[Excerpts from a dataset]
--- START ---

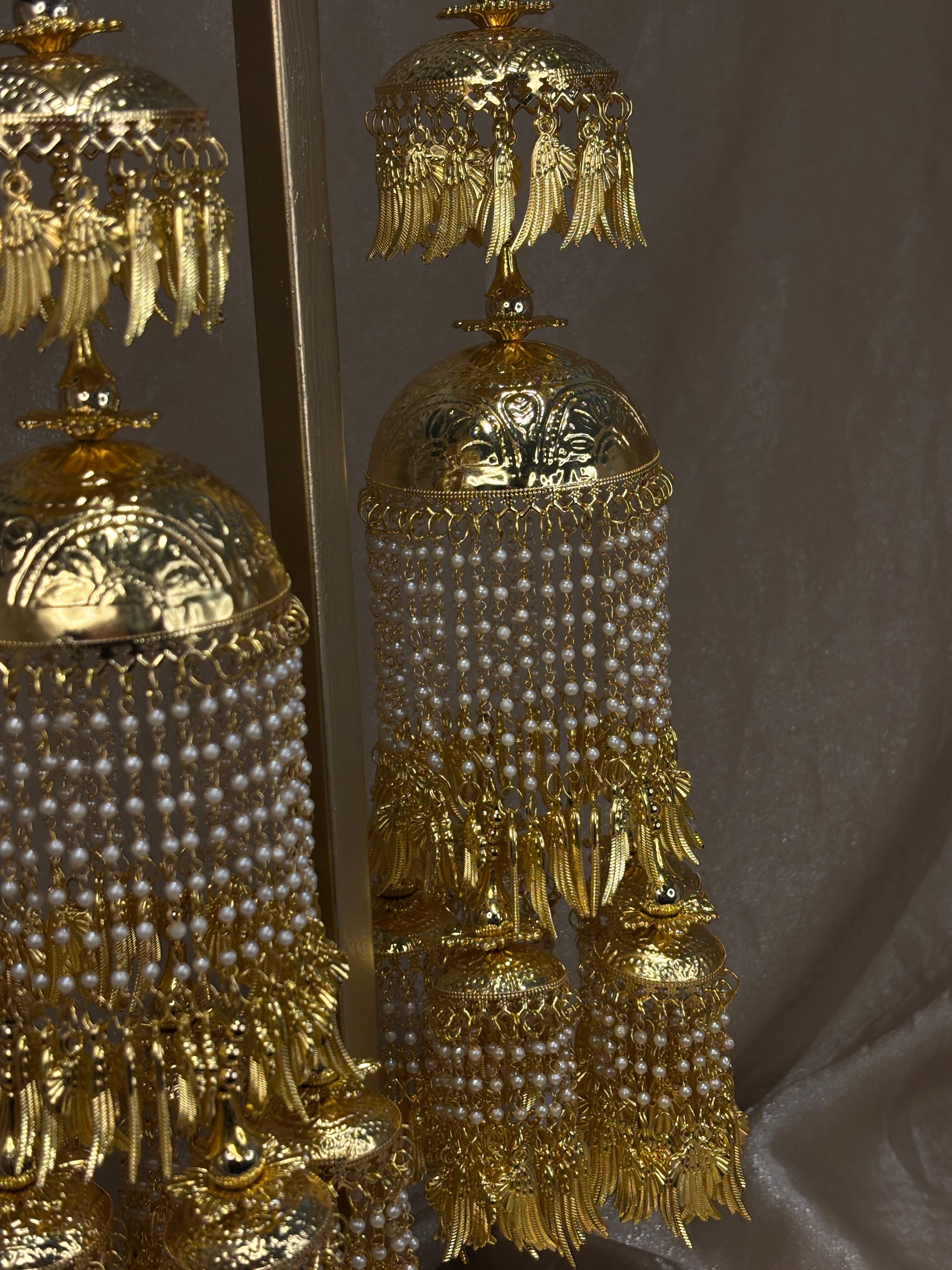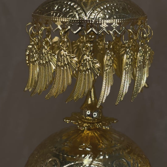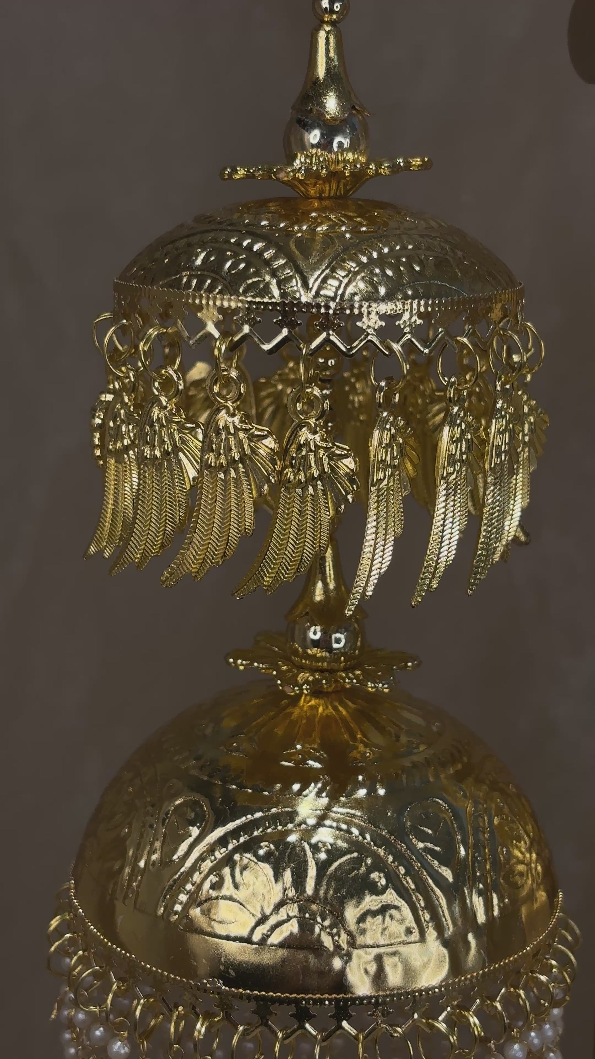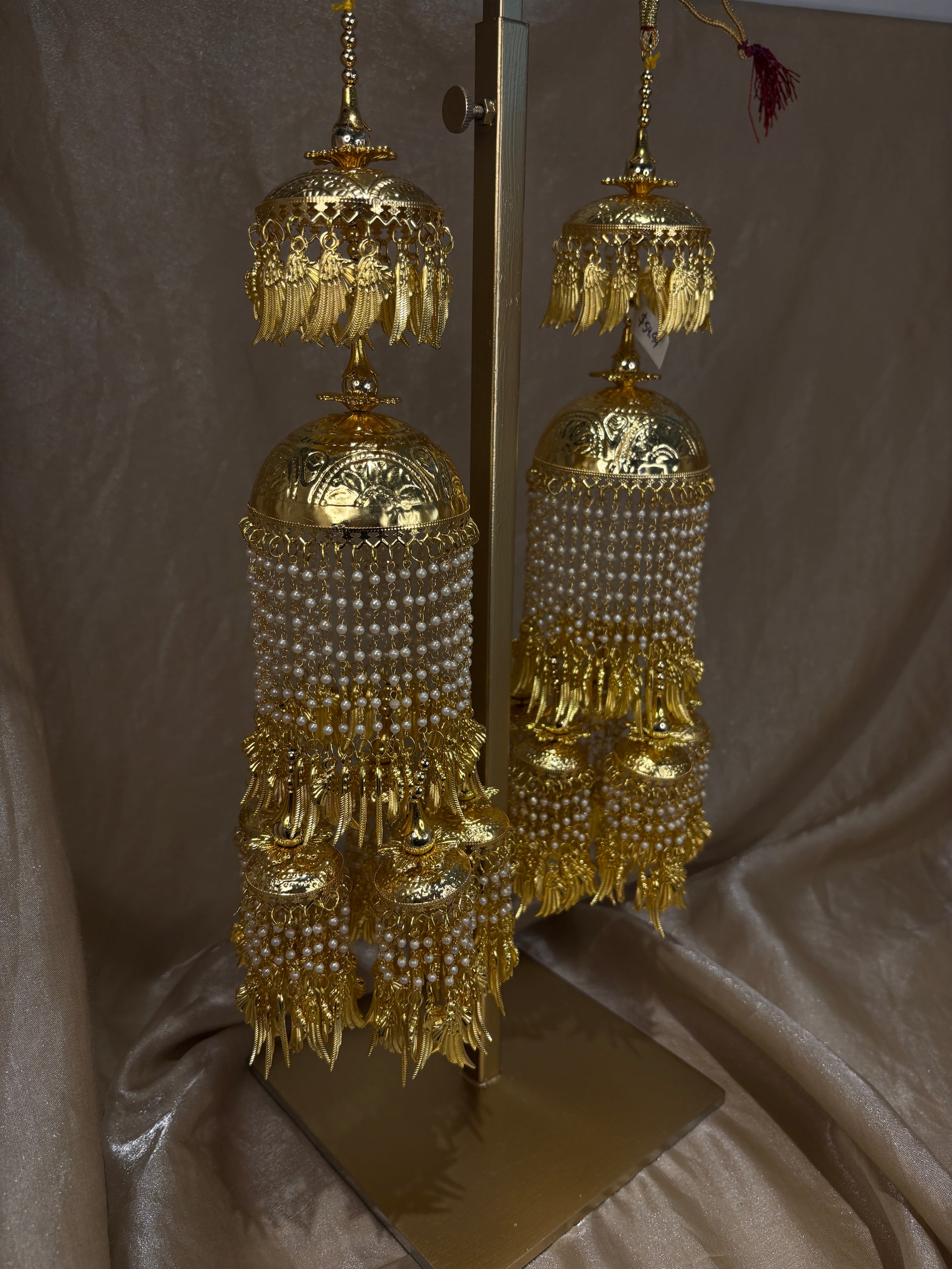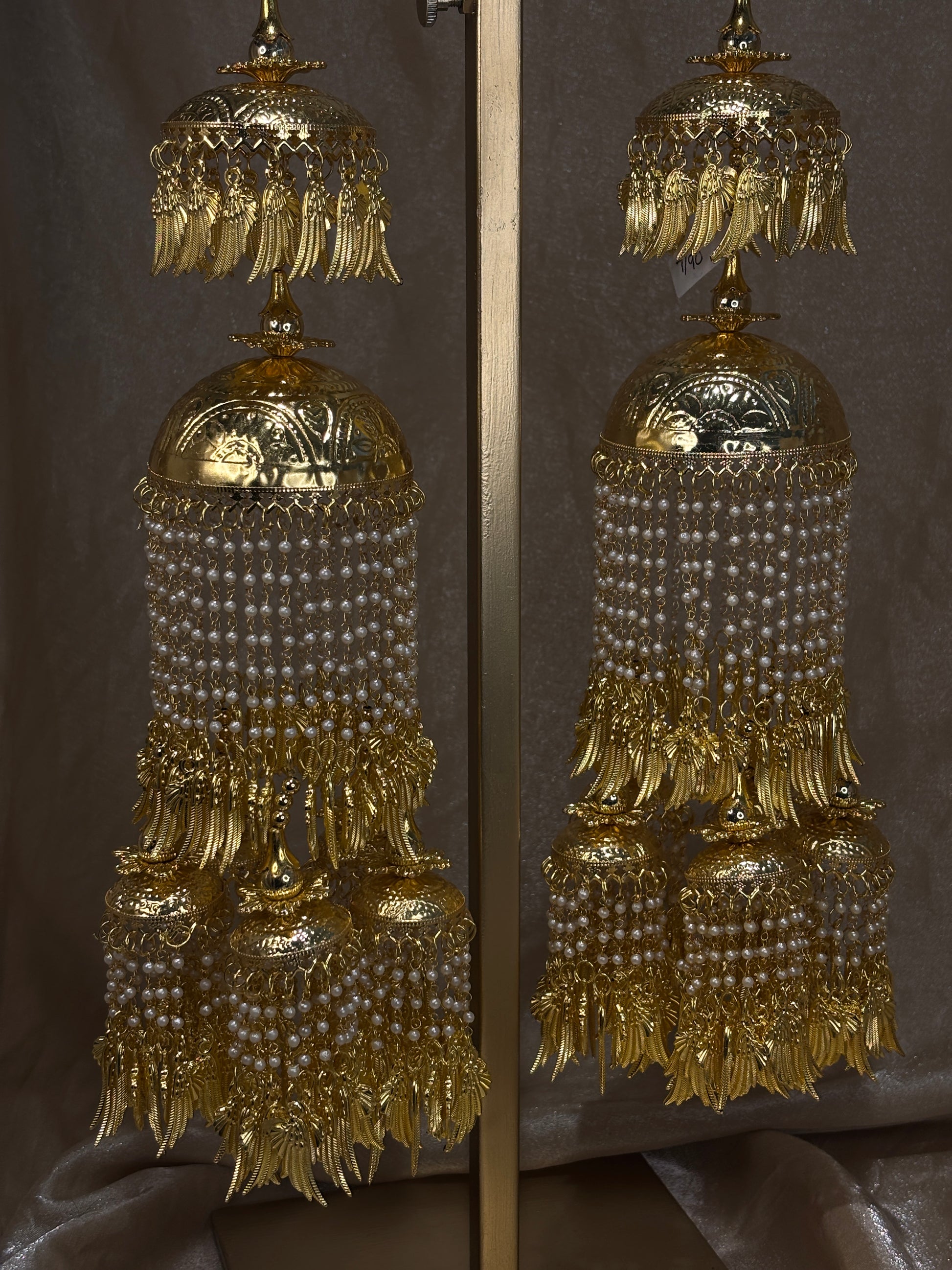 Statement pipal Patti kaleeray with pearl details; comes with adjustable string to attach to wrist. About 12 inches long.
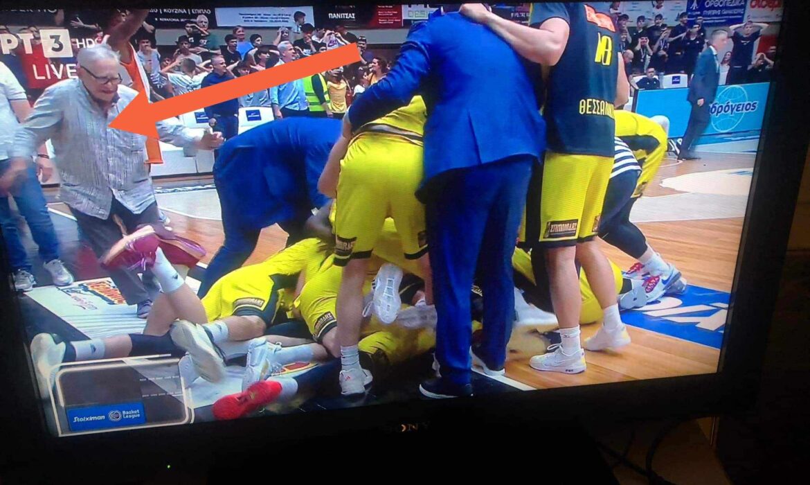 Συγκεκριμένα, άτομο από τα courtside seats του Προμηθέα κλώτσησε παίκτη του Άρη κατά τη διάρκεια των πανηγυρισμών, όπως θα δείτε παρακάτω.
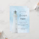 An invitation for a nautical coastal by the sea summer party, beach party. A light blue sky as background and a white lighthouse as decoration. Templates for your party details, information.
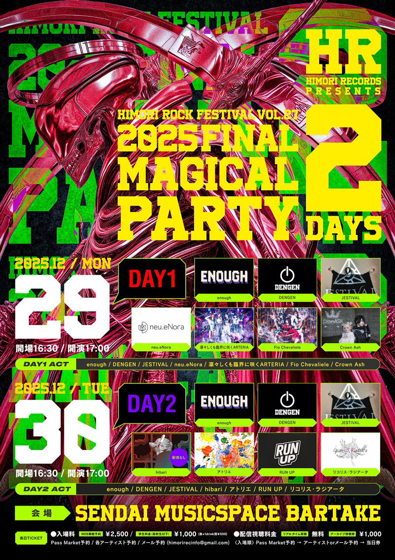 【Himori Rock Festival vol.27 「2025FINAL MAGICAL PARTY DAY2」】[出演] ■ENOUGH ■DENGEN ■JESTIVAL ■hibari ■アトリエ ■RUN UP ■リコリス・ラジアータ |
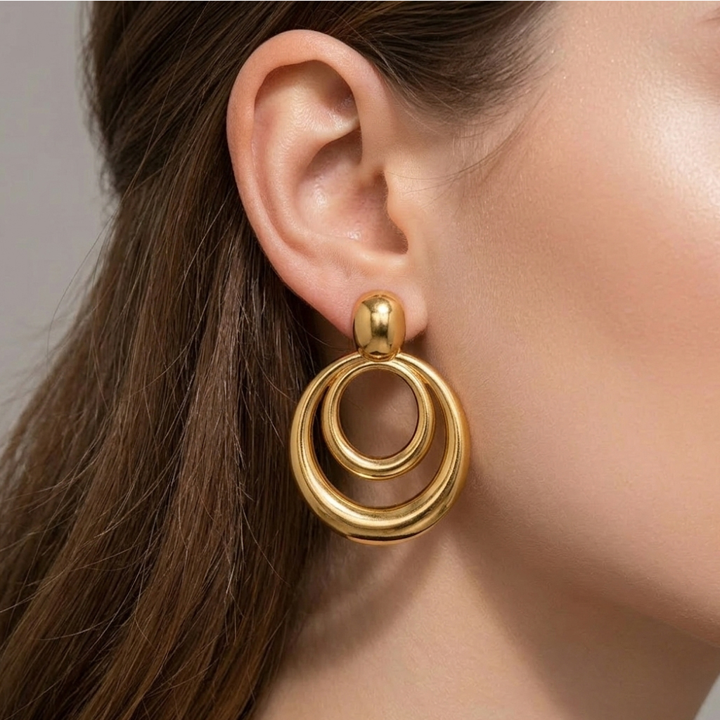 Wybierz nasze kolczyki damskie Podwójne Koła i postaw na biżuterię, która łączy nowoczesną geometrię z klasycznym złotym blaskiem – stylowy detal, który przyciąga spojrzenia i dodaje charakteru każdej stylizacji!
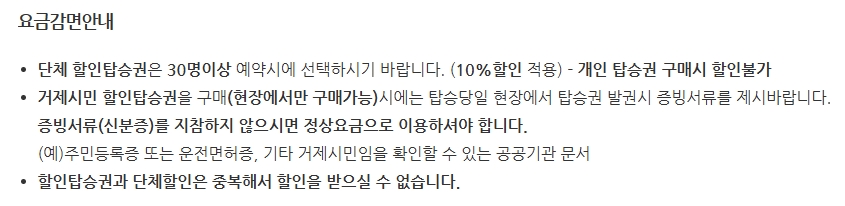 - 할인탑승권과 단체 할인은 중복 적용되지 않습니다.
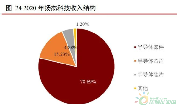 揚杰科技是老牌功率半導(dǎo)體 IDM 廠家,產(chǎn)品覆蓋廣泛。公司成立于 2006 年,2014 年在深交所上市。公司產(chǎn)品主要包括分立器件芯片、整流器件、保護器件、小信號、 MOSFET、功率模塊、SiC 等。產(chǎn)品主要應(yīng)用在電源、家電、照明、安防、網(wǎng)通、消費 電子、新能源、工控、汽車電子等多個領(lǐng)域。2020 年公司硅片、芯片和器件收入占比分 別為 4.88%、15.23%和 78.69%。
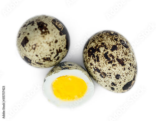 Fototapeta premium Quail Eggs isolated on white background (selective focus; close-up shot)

--- END ---

→ **Required action**:
Leave out every picture, and copy exactly the lines above starting at the one holding "- 할인탑승권과 단체 할인은 중복 적용되지 않습니다." and ending at the one holding "揚杰科技是老牌功率半導(dǎo)體 IDM 廠家,產(chǎn)品覆蓋廣泛。公司成立于", no more and no less.

→ **Response below**:
 - 할인탑승권과 단체 할인은 중복 적용되지 않습니다.
 揚杰科技是老牌功率半導(dǎo)體 IDM 廠家,產(chǎn)品覆蓋廣泛。公司成立于 2006 年,2014 年在深交所上市。公司產(chǎn)品主要包括分立器件芯片、整流器件、保護器件、小信號、 MOSFET、功率模塊、SiC 等。產(chǎn)品主要應(yīng)用在電源、家電、照明、安防、網(wǎng)通、消費 電子、新能源、工控、汽車電子等多個領(lǐng)域。2020 年公司硅片、芯片和器件收入占比分 別為 4.88%、15.23%和 78.69%。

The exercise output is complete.